[go: up one dir, main page]

Naar inhoud springen

Parelmoer

Uit Wikipedia, de vrije encyclopedie
Het iriserende parelmoer van een Nautilusschelp

Parelmoer (ook paarlemoer gespeld) is een onderdeel van de schelp van de weekdieren. Het materiaal wordt in veel culturen verwerkt in gebruiksvoorwerpen of kunstobjecten.

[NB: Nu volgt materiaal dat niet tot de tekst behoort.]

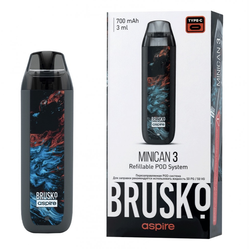 Перезаправляемая Под-Система Бруско Миникан 3 (Brusko Minican 3) 700 mah, Серый Флюид - купить в Иваново
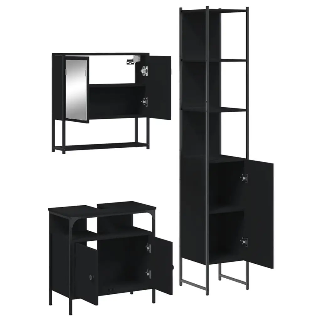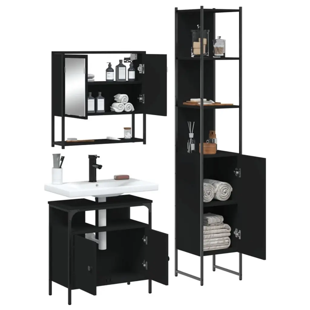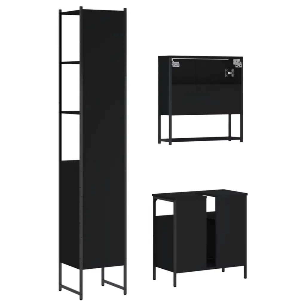 Vidaxl 3-piece Bathroom Furniture Set - Black Engineered Wood With Mirror Cabinet, Sink Cabinet, And Tall Cabinet - Modern Storage Solutions For Home
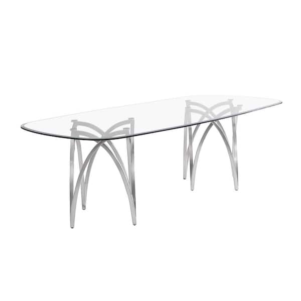 Doug Clear Glass Top 46 in W. Double Pedestal Base Dining Table Seating Capacity of 8
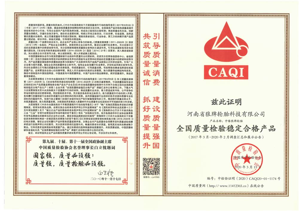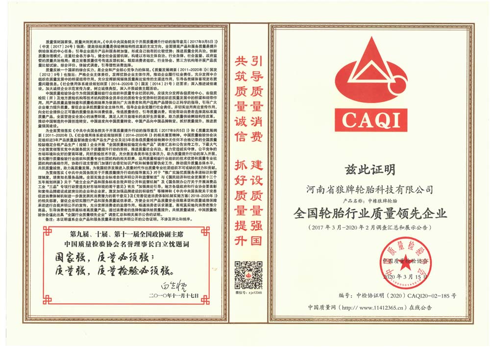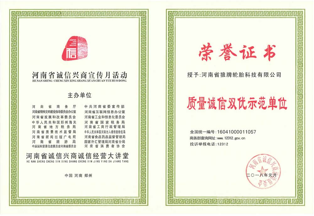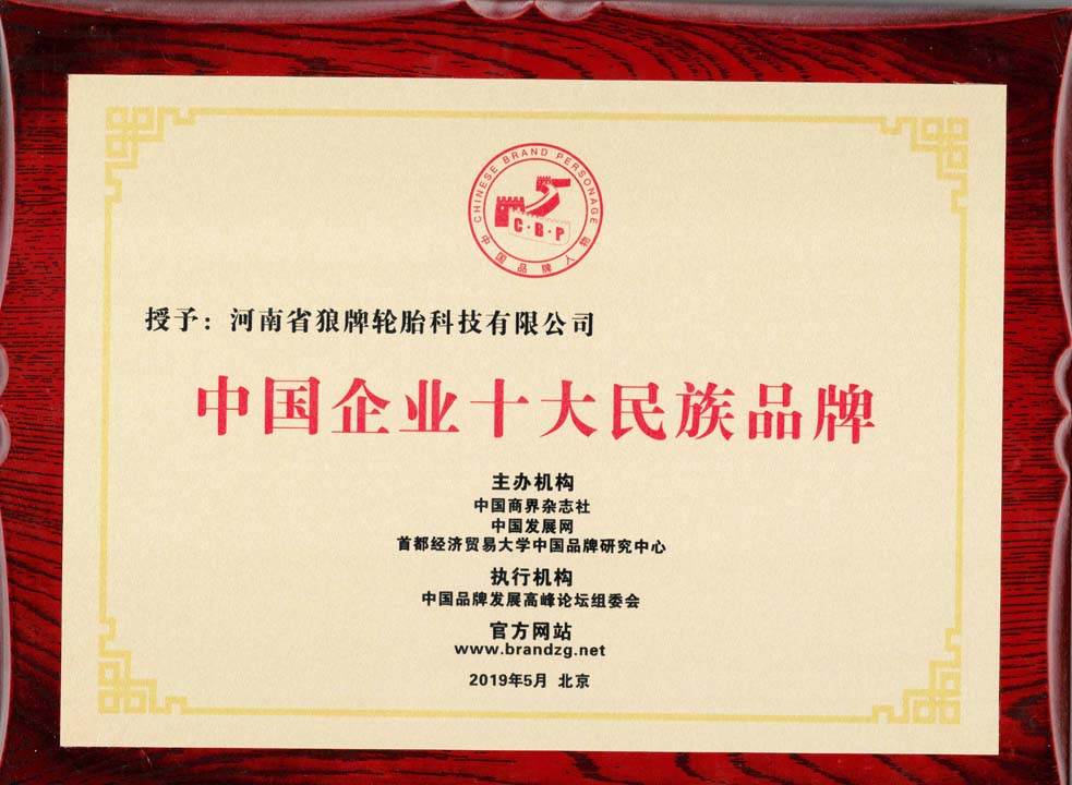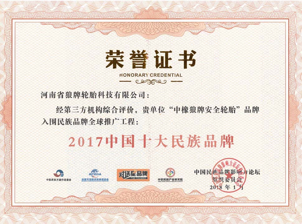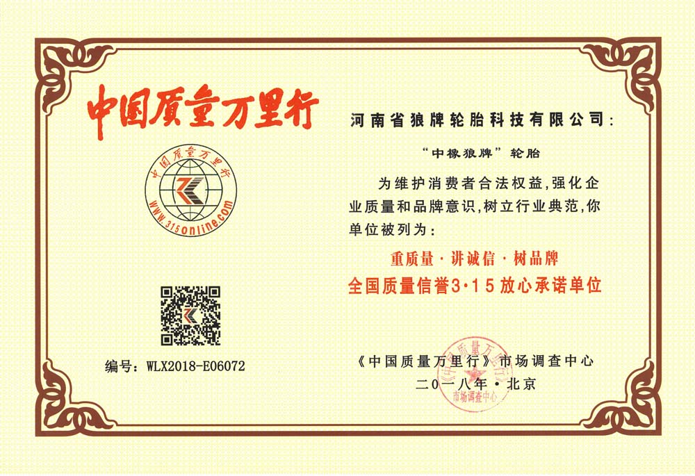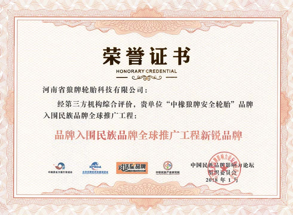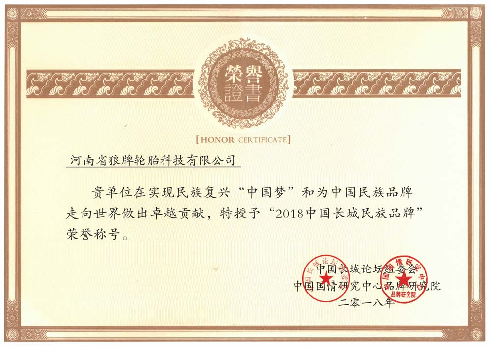 中橡狼牌輪胎品牌榮譽

Bijna alle schelpen bestaan uit een aantal op elkaar liggende lagen die elk een eigen functie hebben. De parelmoerlaag is er een van. De dikte van de verschillende lagen varieert per weekdiergroep. Bij de meeste groepen is de parelmoerlaag een van de dunnere lagen waaruit de schelp bestaat, bij sommige is de laag (bijna) afwezig, er zijn ook groepen waar de schelp voornamelijk uit de parelmoerlaag bestaat. De parelmoerlaag bevindt zich altijd aan de binnenzijde van de schelp en wordt daar (evenals de rest van de schelp) afgescheiden door epitheelcellen van het mantelweefsel van het dier. Afgezien van het verlenen van sterkte is de voornaamste functie het glad maken van de binnenzijde van de schelp. Een tweede functie is het verdedigen van het dier tegen parasieten en schadelijk afval.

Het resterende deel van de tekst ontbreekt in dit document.